Political parties entered a new fund-raising era immediately after the 2002 elections. At that moment, the McCain-Feingold campaign-finance legislation prohibited national party committees from accepting the unlimited, unregulated “soft-money” contributions from wealthy individuals, corporations and labor unions — often donated in multimillion-dollar increments. Henceforth, national party committees, including the parties’ national Senate and House campaign committees, would have to rely solely on “hard money” contributions, which are limited funds donated by individuals (a maximum of $26,700 per year per national committee, subject to a two-year aggregate total of $61,400) and by political action committees ($15,000 per year per national committee).
Over the four years from 1999 through 2002, the RNC collected nearly $50 million more in soft money ($280 million) than the DNC ($231 million) received. But the RNC advantage over the DNC in “hard money” was much bigger. In fact, the RNC’s hard-money contributions for the 1999-2002 period ($383 million) were twice the level of the DNC’s hard-money total ($191 million). Notwithstanding the RNC’s gargantuan hard-money advantage through 2002, the DNC defied all conventional wisdom by raising more hard money ($394 million) than the RNC collected ($392 million) during the 2003-2004 cycle.
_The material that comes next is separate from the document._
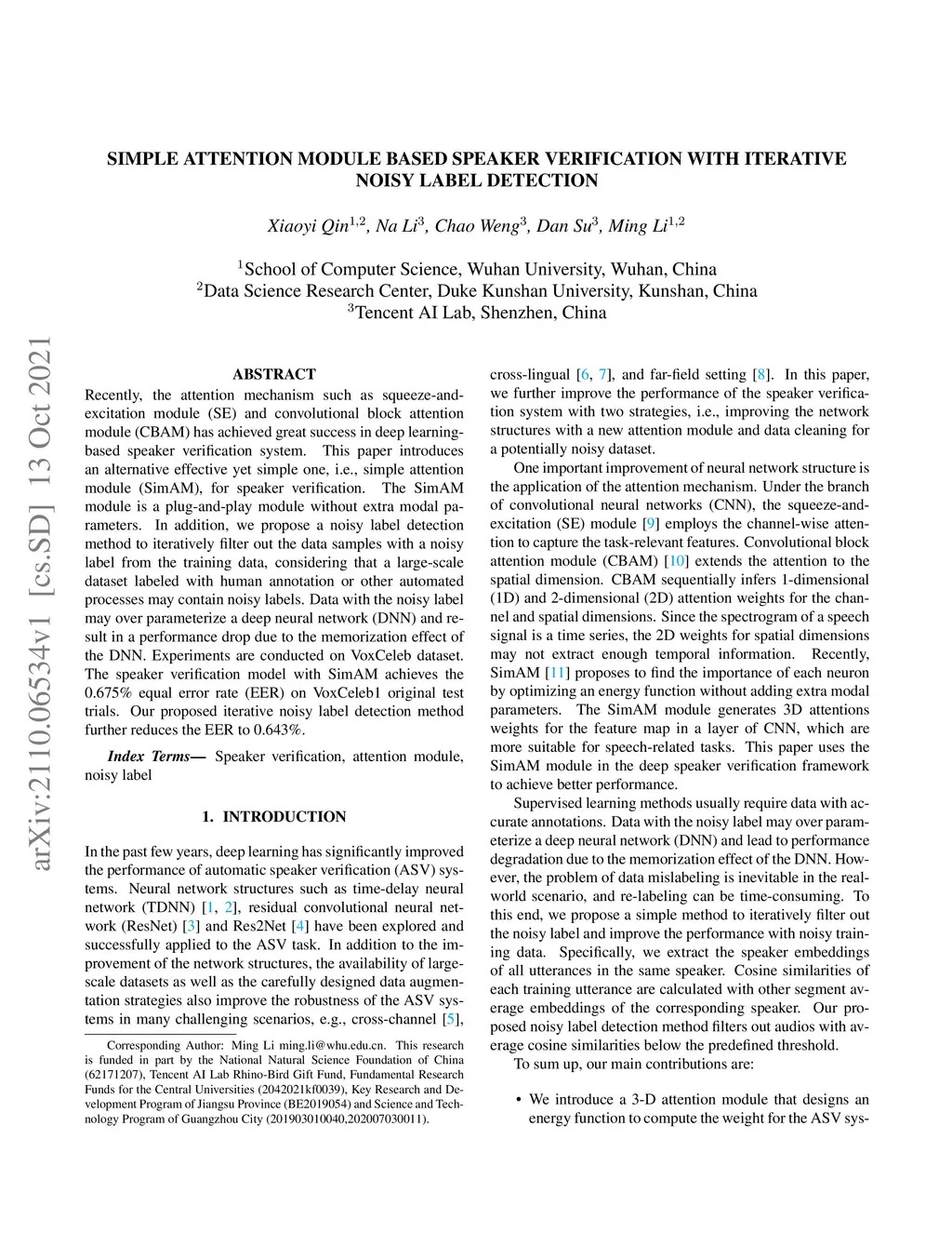 Recently, the attention mechanism such as squeeze-and-excitation module (SE) and convolutional block attention module (CBAM) has achieved great success in deep learning-based speaker verification system. This paper introduces an alternative effective yet simple one, i.e., simple attention module (SimAM), for speaker verification. The SimAM module is a plug-and-play module without extra modal parameters. In addition, we propose a noisy label detection method to iteratively filter out the data samples with a noisy label from the training data, considering that a large-scale dataset labeled with human annotation or other automated processes may contain noisy labels. Data with the noisy label may over parameterize a deep neural network (DNN) and result in a performance drop due to the memorization effect of the DNN. Experiments are conducted on VoxCeleb dataset. The speaker verification model with SimAM achieves the 0.675% equal error rate (EER) on VoxCeleb1 original test trials. Our proposed iterative noisy label detection method further reduces the EER to 0.643%.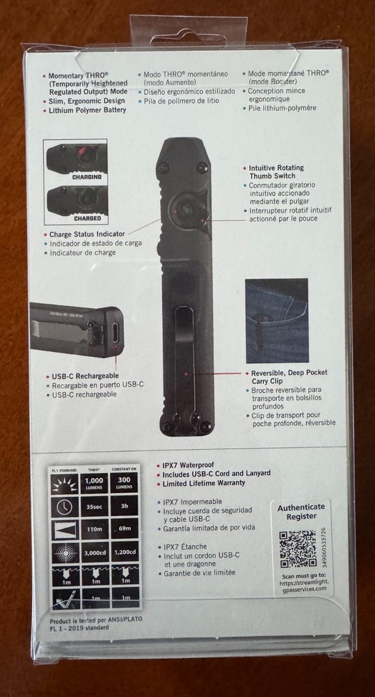 Authentic Streamlight 88811 Wedge, rechargeable everyday carry light, 1,000 Lumens, color: coyote, limited lifetime warranty, intuitive rotating thumb switch, reversible deep pocket carry clip, IPX7 waterproof and includes USB-C cord and lanyard. Brand new.

Interestingly, the DNC’s 2005 fund-raising receipts of $56 million were nearly 30 percent above its 2003 total, while the RNC actually raised less money in 2005 ($105 million) than it did in 2003 ($108 million). Because the DNC under Mr. Dean had spent nearly 65 percent more money during 2005 than the DNC spent in 2003, the DNC is entering the 2006 election year with $5 million less than it had entering 2004.
The real party money, of course, is raised in an election year. In 2004 alone, admittedly a presidential year, the DNC raised about $350 million in hard money. That was $65 million more than the RNC raised in 2004. Beyond the nearly $400 million the DNC raised during the 2003-2004 cycle, Democratic presidential candidates collected another $343 million in hard money from individuals, who could contribute no more than $2,000 per candidate. John Kerry alone raised $196 million in hard money during just seven months in 2004 (and foolishly finished the campaign with $16 million in the bank, money that could have been legally diverted to Ohio, which he lost by 2.1 percentage points, costing him the presidency).
If 2004 is any guide, there clearly are hundreds of millions of Democratic hard-money dollars potentially available to the DNC this year. Whether Mr. Dean can pry that money loose may prove to be the biggest factor determining which party can claim victory in November.